Uladzimir Uladzimiravič Mackievič (also Uladzimir Matskevich; Уладзімір Уладзіміравіч Мацкевіч; Vladimir Vladimirovich Matskevich, Владимир Владимирович Мацкевич; born 14 May 1956, Cheremkhovo, Irkutsk Oblast, RSFSR, USSR) is a Belarusian philosopher (methodologist), social and political activist. He was arrested on 4 August 2021 by the Belarusian authorities. Human rights organizations declared him a political prisoner.

==Biography==
His Belarusian parents were forcibly transferred to Siberia where Mackievič was born. His family was soon rehabilitated and returned to Belarus in 1966. He graduated from the Leningrad State University with a degree in psychology. He was strongly influenced by Georgy Shchedrovitsky and the Moscow methodological circle.

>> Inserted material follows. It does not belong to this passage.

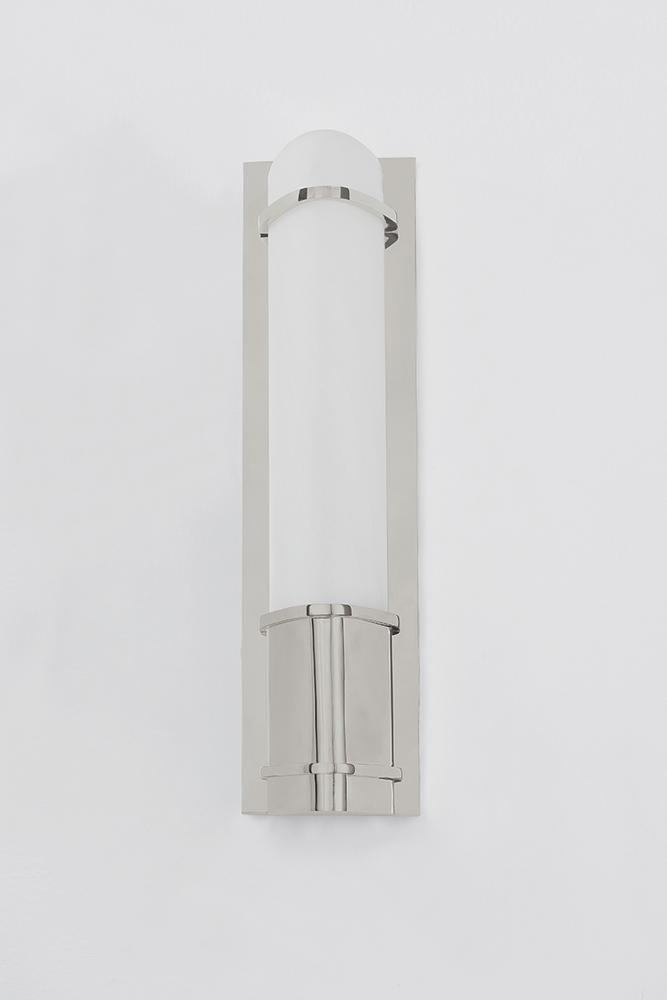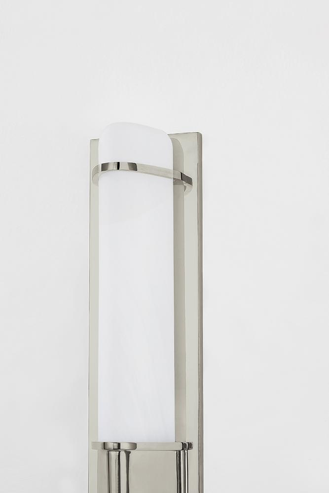 Pairing minimalist metalwork with matte cloud glass, Tottenville is a highly versatile sconce for a powder room or bath area. The glass shades feature a unique triangular profile that gives this fixture both slimness and its distinctly modern feel. Choose from a single or dual light sconce with an Aged Brass or Polished Nickel finish.
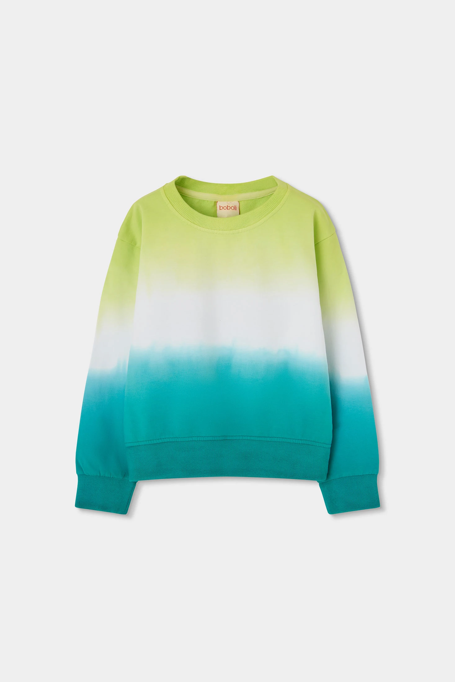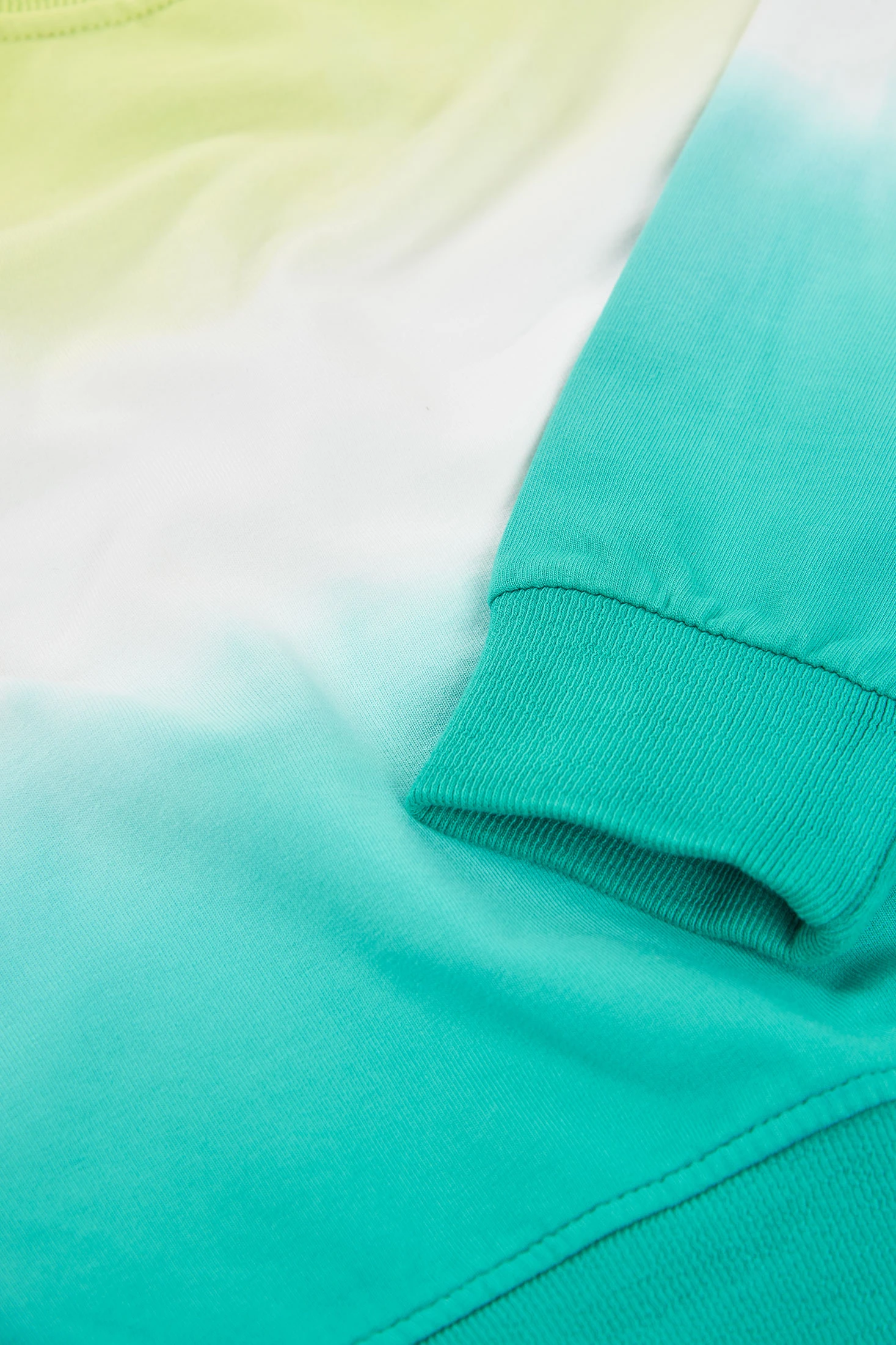 Sudadera de felpa para niña con un tejido suave que brinda comodidad y calidez. Presenta un diseño degradado en tonos verde y azul, perfecto para darle un toque de estilo vibrante. Con cuello redondo y mangas largas, resulta adecuada para los días de verano que aun refresca o las noches al aire libre. Disponible en tallas desde 2 años hasta 14 años. Combínala con jeans o leggins para un look casual y moderno.

In the late 1980s, he lived in Latvia and participated in perestroika there. In 1994, he returned to Belarus. In 1990s, Mackievič participated in different electoral campaigns as a candidate and as a political technologist. He also consulted 3 parties that merged into the United Civic Party. Charter 97 was also formed with his participation. Mackievič is a longtime critic of Alexander Lukashenko, in 2011 he characterized the political situation as a "personalist dictatorship that established martial law". He supported the protests after 2020 presidential election and called Lukashenko the "illegitimate president". In February 2021, Mackievič welcomed the appearance of the recently published strategy of the joint opposition but criticized much of its content.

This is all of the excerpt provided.